## Assigned task
Your reply should consist only of the lines from the one with "Once oats have" through the end of the entries, transcribed exactly. Pictures stay out.

• • • • • • •

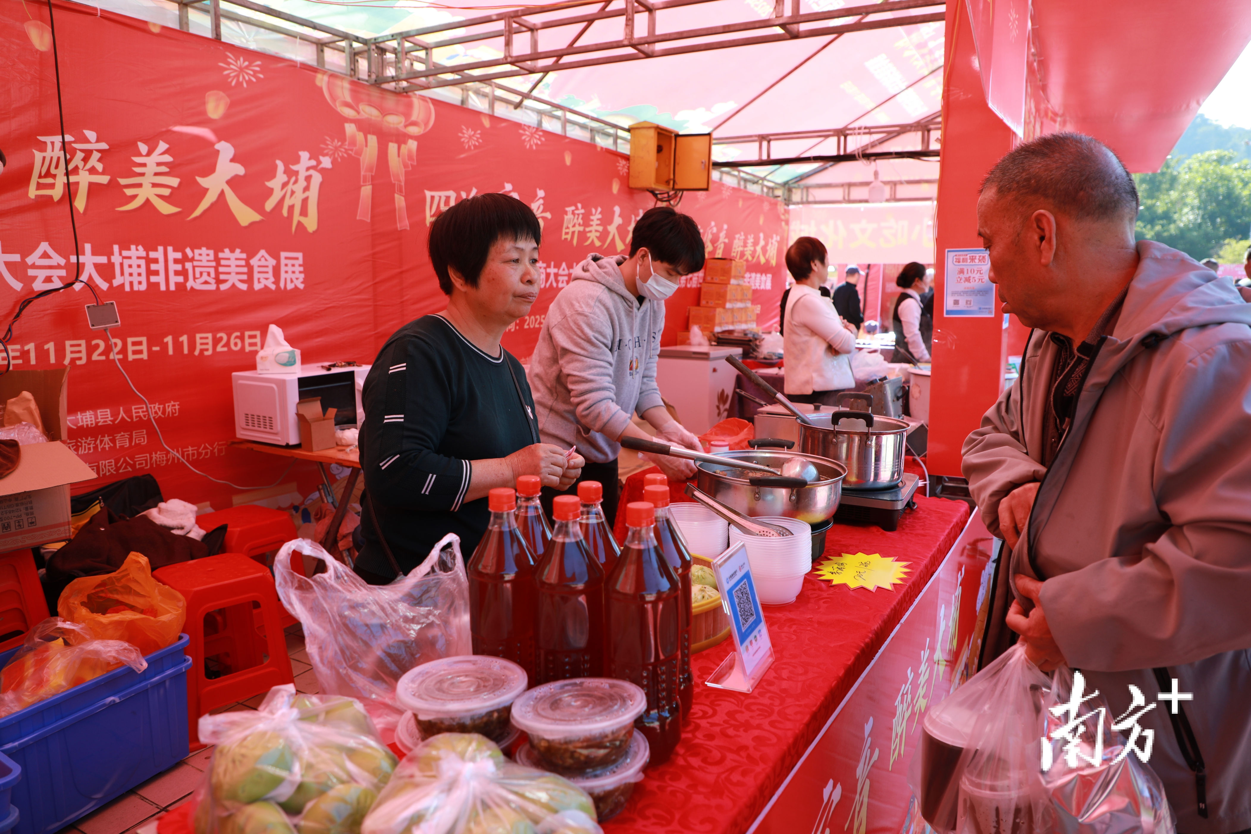 除了斯红羊肉,还有大埔企油饼、客家酿豆腐、梅州腌面、高山云雾茶等数十种非遗美食与特色农产品整齐陈列,吸引着嘉宾们纷纷驻足品尝。
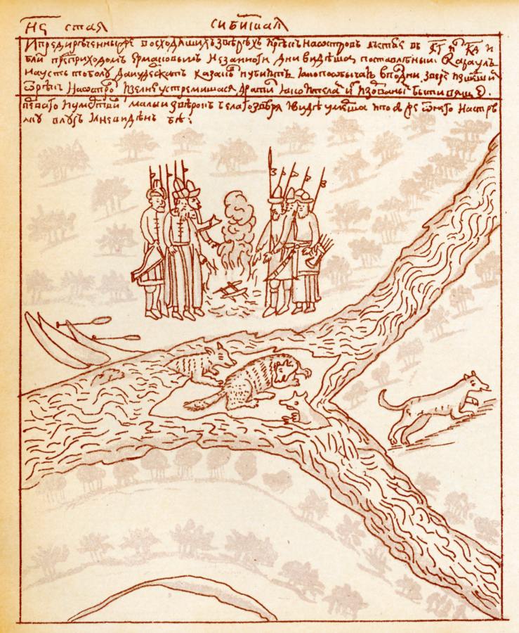 "Опустошив Улусы и селения вниз по Туре, Атаманы в устье Тавды взяли в плен Кучюмова советника, Таузака, который искренностью спасая жизнь, сообщил им все нужные для них сведения о земле своей, и будучи за это освобожден, известил ея Царя, что ПРЕДСКАЗАНИЕ СИБИРСКИХ ВОЛХВОВ СБЫВАЕТСЯ: ибо сии кудесники уже давно, как пишут, вопили на стогнах о неминуемом падении его Державы от нашествия Христиан. Таузак описывал Козаков людьми чудесными, воинами неодолимыми, СТРЕЛЯЮЩИМИ ОГНЕМ И ГРОМОМ СМЕРТОНОСНЫМ НА-ВЫЛЕТ СКВОЗЬ ЛАТЫ...
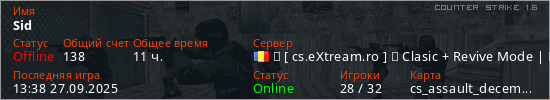 Последний раз был в сети 13:38 27.09.2025 Игрок с таким ником замечен на 21 сервере
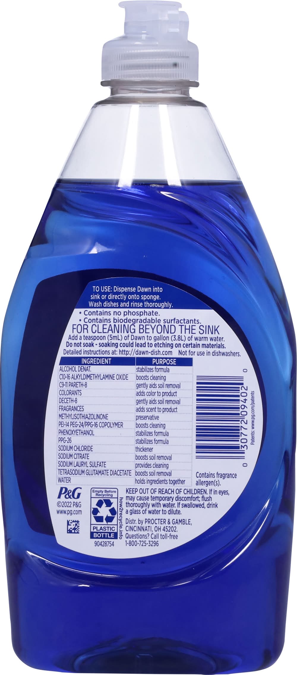 Usage of instructions:to use: dispense dawn into sink or directly onto sponge. wash dishes and rinse thoroughly. for cleaning beyond the sink: add a teaspoon (5ml) of dawn to gallon (3.8l) of warm water. do not soak - soaking could lead to etching on certain materials. detailed instructions at: http://dawn-dish.com. not for use in dishwashers. - directions: to use: dispense dawn into sink or directly onto sponge. wash dishes and rinse thoroughly. for cleaning beyond the sink: add a teaspoon (5ml) of dawn to gallon (3.8l) of warm water. do not soak - soaking could lead to etching on certain materials. detailed instructions at: http://dawn-dish.com. not for use in dishwashers.
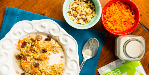 Once oats have finished cooking, top with chopped walnuts and drizzle with maple syrup.
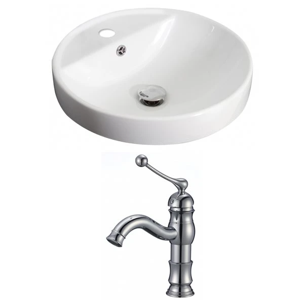 American Imaginations White Ceramic Round Drop-In Bathroom Sink – Overflow Drain And Faucet Included (18.25-in X 18.25-in)

• • • • • • •

## Written response
 Once oats have finished cooking, top with chopped walnuts and drizzle with maple syrup.
 American Imaginations White Ceramic Round Drop-In Bathroom Sink – Overflow Drain And Faucet Included (18.25-in X 18.25-in)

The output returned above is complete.